The search technology behind: Ask.com

The History

Teoma has been at the very core of Ask search technology since the early 2000’s. Teoma’s algorithm, which is now known as ExpertRank, is what allows Ask to be one of the most powerful search engines in the world.

Two important events led to the development of this unique technology. The first one occurred way back in 1999, when Ask acquired ownership of Direct Hit, a Massachusetts based company that helped to develop the first “click popularity” search engine technology. This technology was licensed to several important search engines, most notably MSN and Lycos.

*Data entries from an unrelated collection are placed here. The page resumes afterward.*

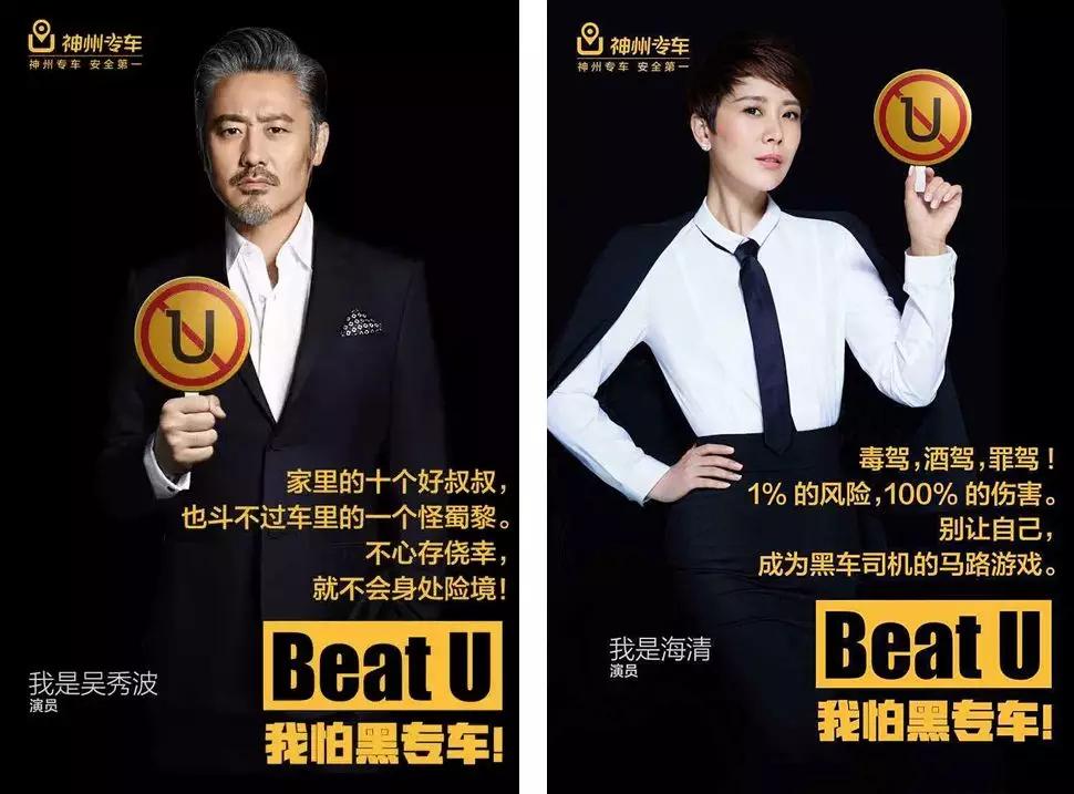 2015 年 6 月,神州专车制造了一次主题为“Beat U !我怕黑专车”的事件营销,并请了吴秀波、海清等明星“举牌”代言。这次营销将还没有什么知名度的神州专车一夜成名,也成为震惊全国、争议极大的事件营销。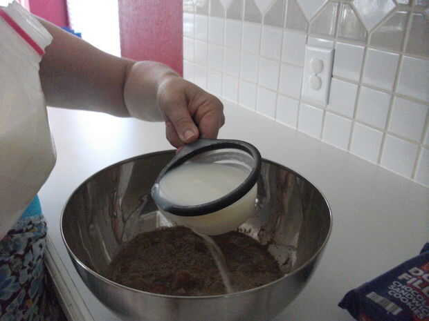2. Añadir la leche fría a la mezcla de pudín. Asegúrese de medir cada taza con cuidado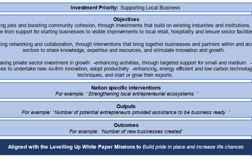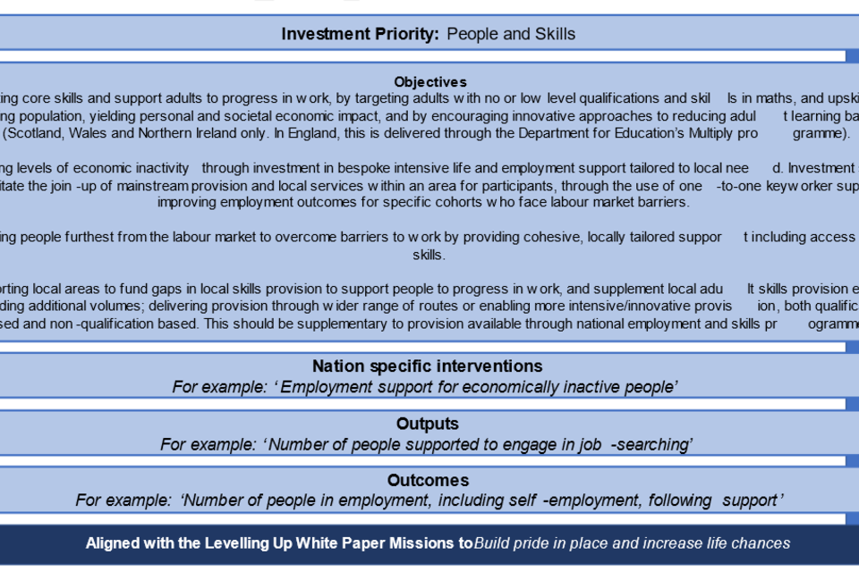 O dan y nod gyffredinol o feithrin balchder mewn lle a chynyddu cyfleoedd bywyd, mae gan yr UKSPF dair blaenoriaeth fuddsoddi: cymunedau a lle; cynorthwyo busnesau lleol; a phobl a sgiliau. Mae amcanion manwl yn gysylltiedig â phob un o’r blaenoriaethau hyn, ac maent yn gyson â chenhadaeth y Papur Gwyn Ffyniant Bro.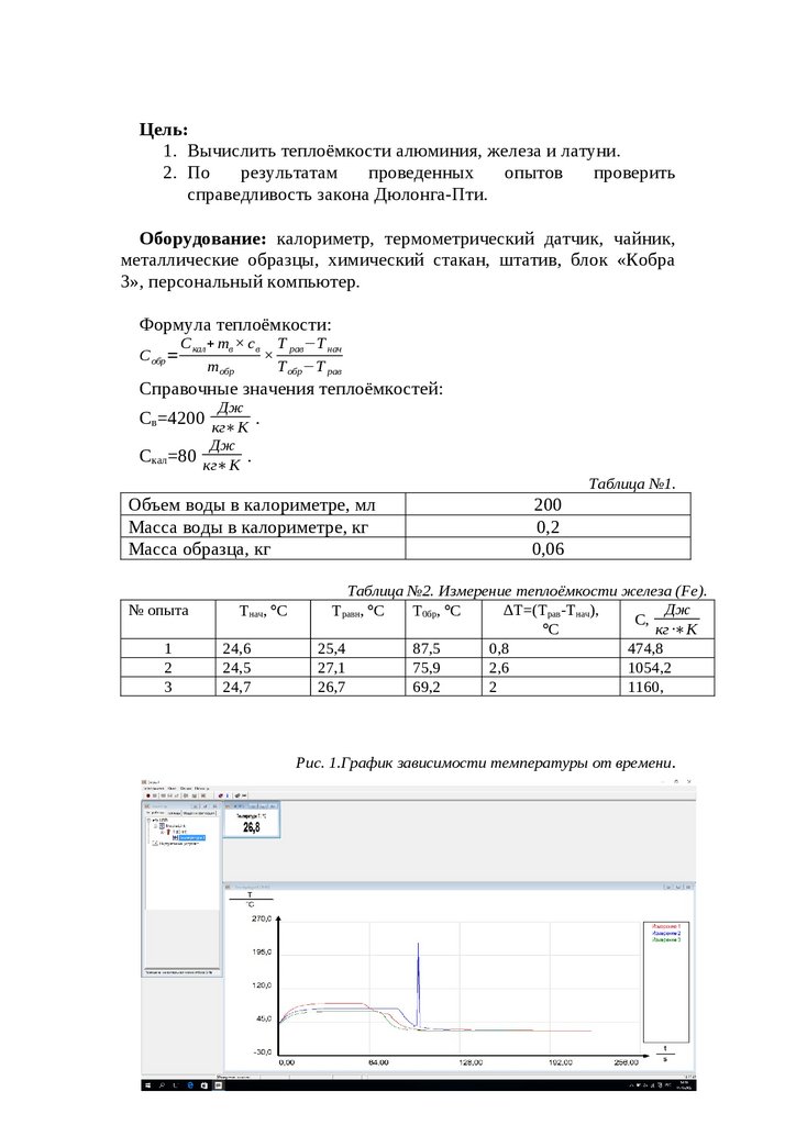 Цель:1. Вычислить теплоёмкости алюминия, железа и латуни.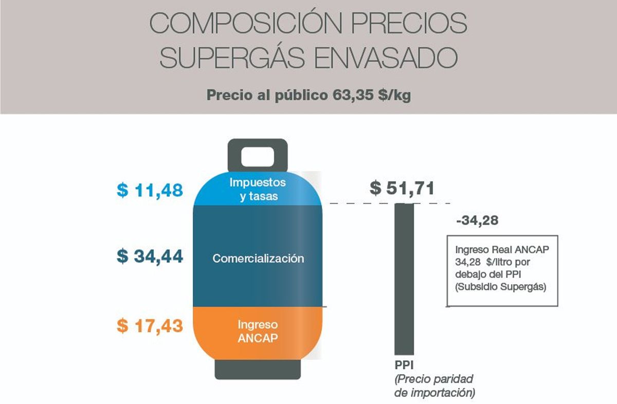 Para el caso del supergás, que está a 63,35 pesos el kilo; 11,48 pesos corresponden a tasas e impuestos; 34,44 al costo de comercialización; y 17,43 al ingreso de ANCAP.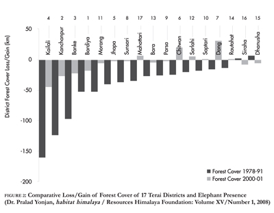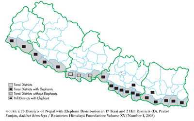 Of about 25% of Nepal’s total land area, or close to 36,360 km2 of forest cover (FAO figures), approximately 2,500 km2 of forest in the narrow lowland Terai belt, with 17 Terai and 2 Hill districts, are inhabited by wild elephants. Out of this, 1,600 km2 are under protected area management in the form of national parks and reserve forests, namely: a) Shuklaphanta Wildlife Reserve, 2) Bardia National Park, 3) Chitwan National Park, 4) Parsa Wildlife Reserve, and 4) Koshi Tappu Wildlife Reserve.

The Second major event took place in 2001, when Ask acquired Teoma, which at that time was only a 10 person start-up business based out of Rutgers University. The acquisition of Teoma was important because, at that time, it was the first company to develop search technology that used the clustering concept of subject specific relevance/popularity. This technology was known as ExpertRank, and its acquisition meant that Ask now had access to index and search relevance technology,

How Does It Work?

Ask’s ExpertRank algorithms and search parameters are designed to identify the most authoritative sites on the internet. In other words, the algorithm is designed to identify the most reliable sites and sources, as opposed to the most popular. What this means is that the ExpertRank algorithm doesn’t rank pages based on the volume of links that points towards a particular page. Instead, it focuses on the reliability of its content. This particular process is known as subject-specific popularity, and it is a process which is designed to do the following:

Identify relevant topics (sometimes called clusters)
Identify the experts on said topics
Identify the popularity of of certain pages among those experts

This process takes place whenever you make a search query using ExpertRank and usually involves additional calculations which are not present in other search engine algorithms. The result is high value relevance that often provides a little editorial flavor to each user.

Ask’s Web Crawler FAQ

The Ask Web Crawler is Ask’s web-indexing spider, which means that it is responsible for collecting documents from all over the internet in order to build an ever growing index that features advanced search functionality for Ask and all other sites which are licensed to use the proprietary Ask Search Technology.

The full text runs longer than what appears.